TASK ITEM: Any picture in the range stays out of the copy; retype exactly the lines from the one with "Biezpienu, lai tas" to the end of the listing.

SUPPLIED INFORMATION:
—————

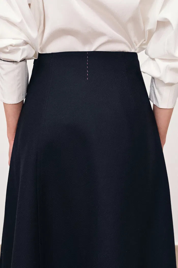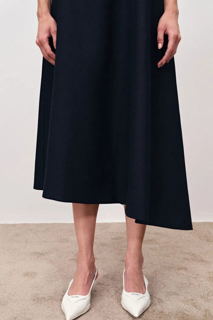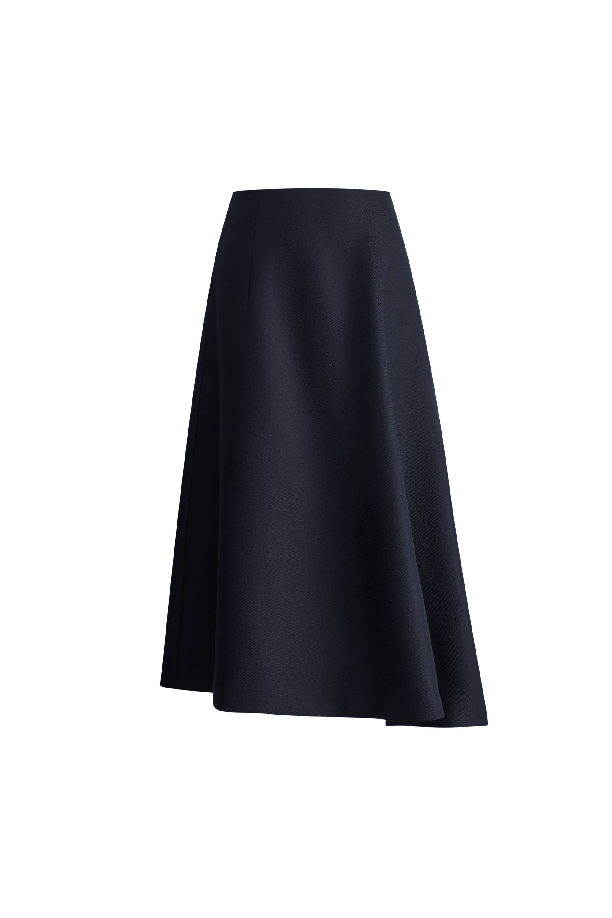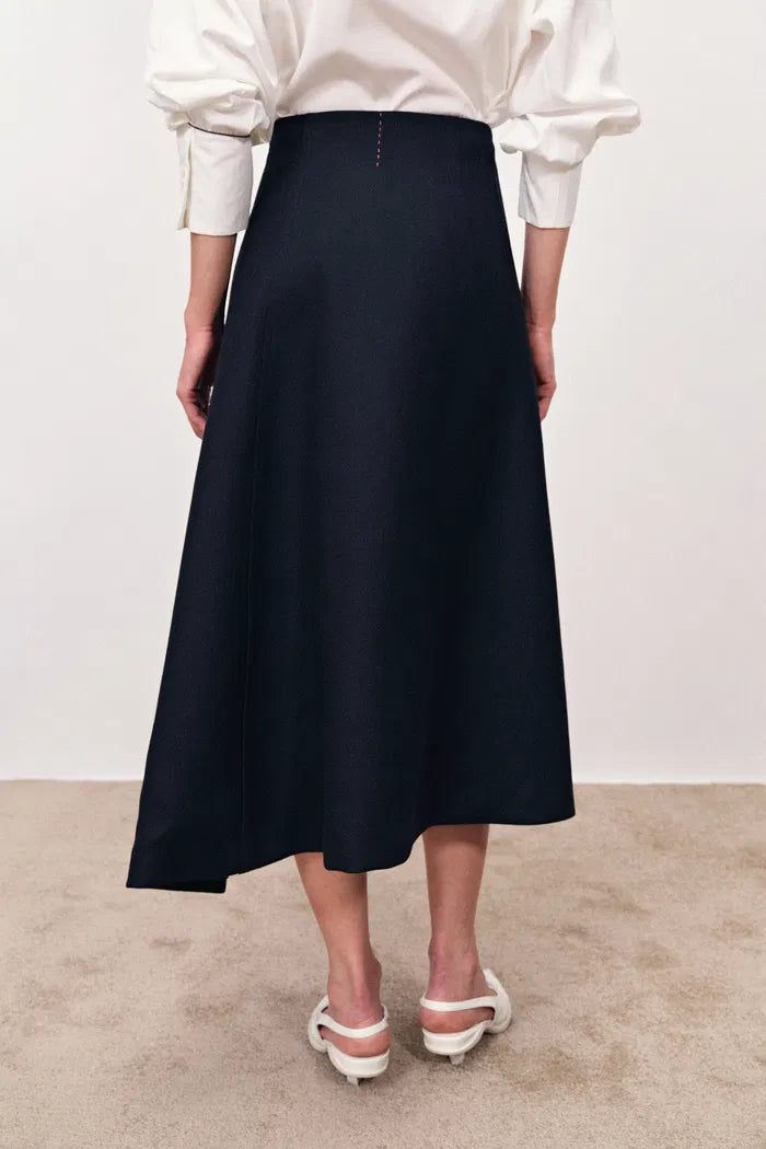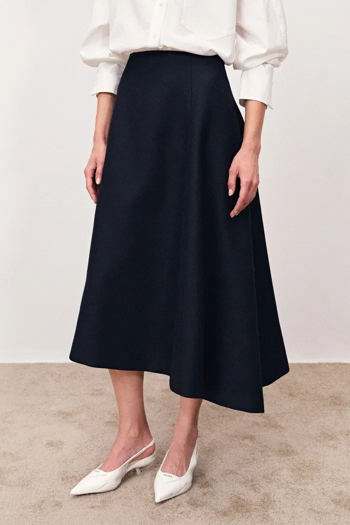 Ilse Asymmetric Midi Skirt in Fine Wool Blend
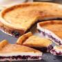 Biezpienu, lai tas nebūtu graudains, sablendē vai izberž caur sietu, pievieno un iemaisa pārējās sastāvdaļas, pārliek mīklai ar mellenēm, nolīdzina.
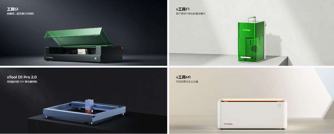 围绕家庭场景、教育场景、手工 DIY 场景,xTool 针对不同需求的用户设计出可满足从小白到资深 maker 的激光切割设备,实现了从桌面级激光设备到激光汽车机领域的全覆盖。

—————

RESPONSE TO THE EXERCISE:
 Biezpienu, lai tas nebūtu graudains, sablendē vai izberž caur sietu, pievieno un iemaisa pārējās sastāvdaļas, pārliek mīklai ar mellenēm, nolīdzina.
 围绕家庭场景、教育场景、手工 DIY 场景,xTool 针对不同需求的用户设计出可满足从小白到资深 maker 的激光切割设备,实现了从桌面级激光设备到激光汽车机领域的全覆盖。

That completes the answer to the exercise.